Notiere dir jedes Details, das dir besonders gut gefallen hat in deinem Handy. Du wirst sehen, es wird sich einiges sammeln. Wenn du nun bald Tänze für kommende Session stellen wirst, öffnest du einfach deine Notizen und du wirst erstaunt sein, welche Ideen du gesammelt hast.

YouTube als verlockende Quelle

Eine besonders gängige und beliebte Inspirationsquelle ist natürlich YouTube. Hier findest du nicht nur aktuelle Tänze, sondern auch ältere. Von Vorteil ist natürlich, dass du die Tänze immer wieder ansehen kannst.

Diese Möglichkeit lockt allerdings auch, sich Elemente immer wieder anzusehen und sie eins zu eins zu kopieren. Siehst du einen Tanz auf einer Sitzung oder einem Turnier nur ein einziges Mal, so musst du mit deinen Erinnerungen arbeiten. Hierbei ist eine direkte Kopie fast unmöglich.

Liegt dir ein Video vor, versuche dich selbst stets daran zu erinnern, dass du dich nur inspirieren lassen möchtest und keine Schritte oder gar Schrittkombinationen klauen möchtest.

Nachhaltig Inspiriert auf Tanzworkshops

Tanzworkshop von Dance-Fit

Eine besonders gehaltvolle Möglichkeit sich inspirieren zu lassen, sind wohl Tanzworkshops. Hier findest du eine Reihe von Angeboten sowohl im Garde- als auch im Showtanzbereich. Egal ob online oder in Präsenz, hier kannst du viel lernen und dir Tipps zu Positionen oder Schrittkombinationen ableiten.

Bald stehen beispielsweise die Digital Dance Days von Yvonne Brasche, die Tanztage in Harsewinkel oder der Trainerworkshop der GCG-Großenritte an. Auch Dance-Fit bietet (bald wieder) regelmäßig Workshopwochenenden an. Bei diesen Angeboten, geben erfahrene Trainer:innen und (Ex-) Tänzer:innen ihr Wissen weiter.

Viele weitere Tanzworkshops findest du hier auf meiner Events-Seite.

Habe stets Respekt vor dem Werk der Gleichgesinnten!

Nachdem nun alle rechtlichen Fragen aber auch mögliche Inspirationsquellen geklärt sind, dürfte deinem neuen Tanz nichts mehr im Wege stehen.
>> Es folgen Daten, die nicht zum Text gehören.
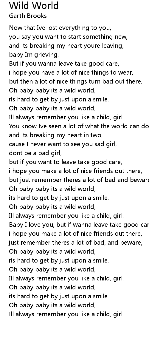Oh baby baby its a wild world, |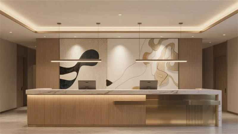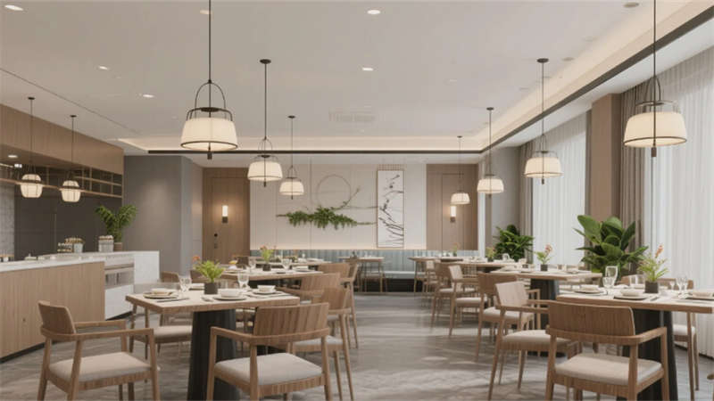 這個酒店設計以現代簡約風格為核心,通過統一的色調和元素,創造出和諧而優雅的空間體驗。大堂作為入口,以淺木色和白色為主調,配以舒適的沙發和綠植,營造出welcoming的氛圍。前臺延續簡約理念,木質柜臺和藝術細節彰顯精致感。餐廳采用開放式布局,木質桌椅和吊燈的點綴,讓用餐時刻充滿輕松與自然氣息。酒吧區則以深色吧臺和暖光照明,提供私密而時尚的社交空間。客房設計注重舒適與隱私,大窗戶引入城市景觀,簡約家具確保寧靜的休憩環境。會議室專業而高效,中性色調和隱藏照明支持專注的商務活動。健身房融入鏡面和綠植,活力十足又不失簡約美感。水療區則強調寧靜,柔和燈光和自然元素促進身心放松。整個項目強調人與環境的連接,每個功能區都服務于寧靜與精致的整體體驗,為賓客打造難忘之旅。
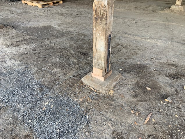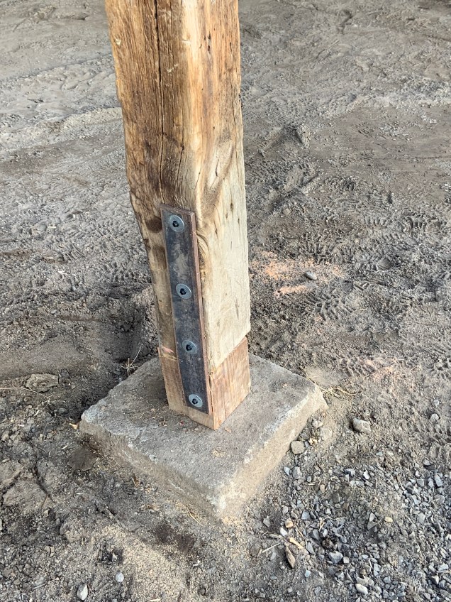 Tex did the cosmetic repair to the outside while I started in on the upright beam repairs. I had him go get a weather 1×12 from the pile that has been out in the sun for a year. It blended quite nicely. It should not take it long to blend in.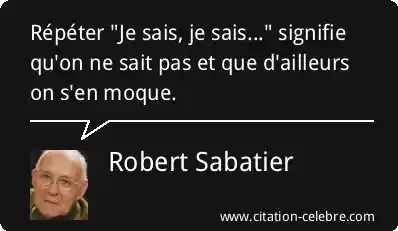 Répéter "Je sais, je sais..." signifie qu'on ne sait pas et que d'ailleurs on s'en moque.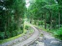 | 小杉谷集落後もトロッコ道はまだ3km弱続きます ここからは整備されたトロッコ道なので随分楽になりました これまでの道は枕木がまだらに組み込まれ ずっと下を向いて歩かねばなりませんでした |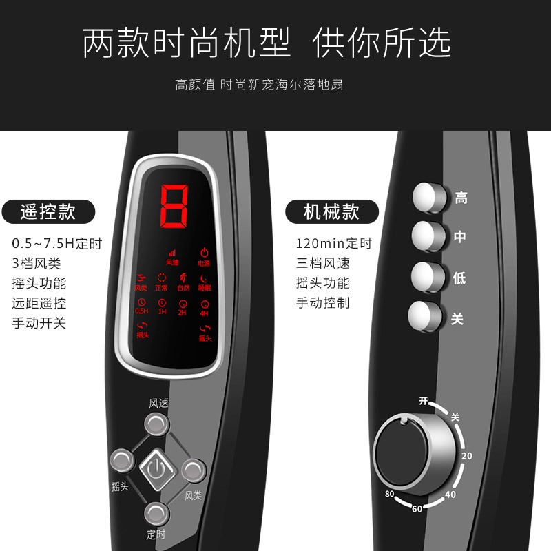 商品名称:海尔落地扇家用电风扇遥控静音 办公室风扇 学生宿舍立式摇头风扇 五叶飓风 全国联保 大风力 超静音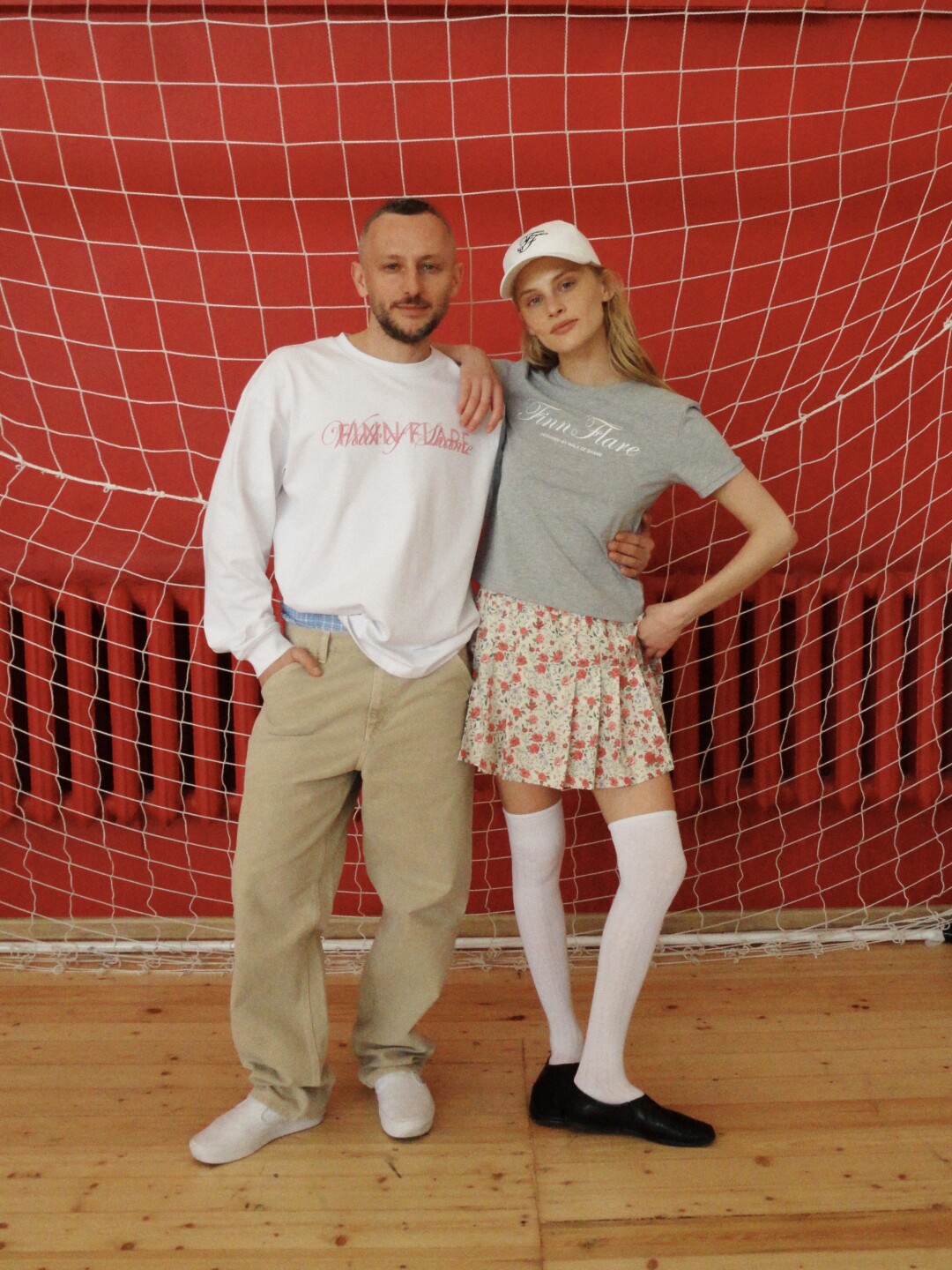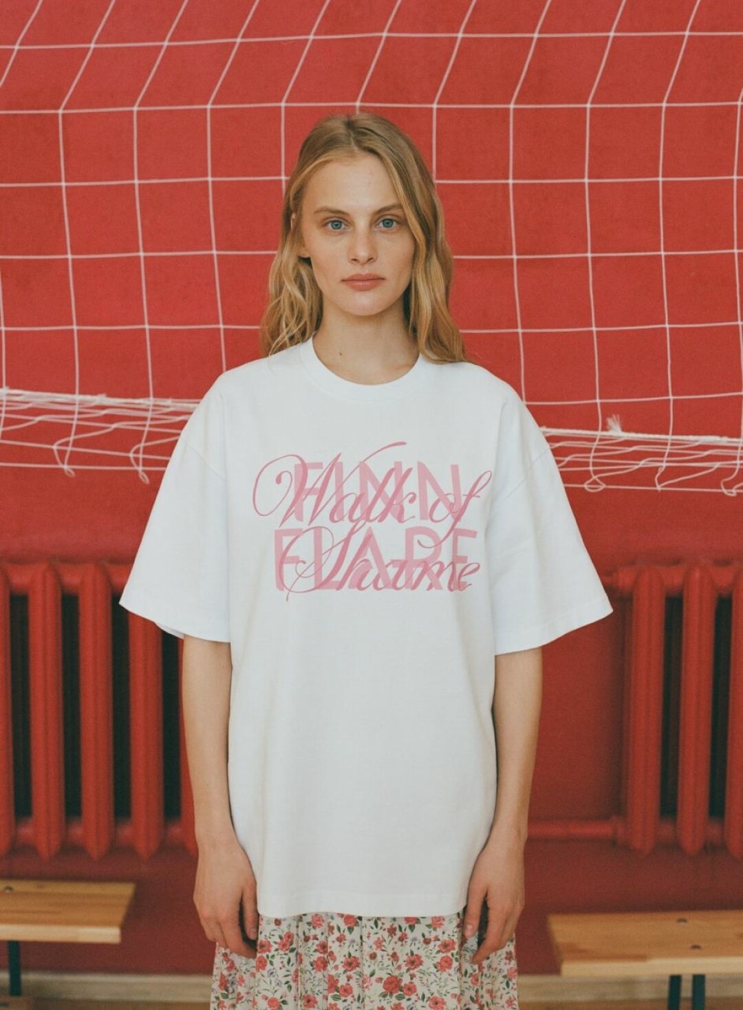 Знаешь, я ведь ненавижу эти майки с логотипами. Но об этом никто не должен знать! Я люблю графику, если в ней присутствует месседж. Надписи Private dreams или Petit pain — в этом есть смыслы. Помнишь, у ЦУМа был кринж-лозунг «Миланские цены»? Мы тогда у них на последнем этаже как раз показ Walk of shame делали, и шоу открывала майка с надписью: «Миланские цены». Троллинг удался, был солдаут. Такие ходы я люблю. Вот в футболках из коллаба мы пишем Finn Flare нашим шрифтом или заплетаем два логотипа друг в друга, там есть игра.

Denke immer daran, dass jede:r Trainer:in viel Mühe, Zeit und Arbeit investiert und wir uns gegenseitig nicht schaden wollen. Genieße es dich von spannenden Tänzen inspirieren zu lassen und versuche stets deine eigene Handschrift zu verfestigen oder zu zeigen.

Wie stehst du zu dem Thema? Lässt du dich auch gerne inspirieren oder gar nicht? Welche Inspirationsquellen nutzt du gerne?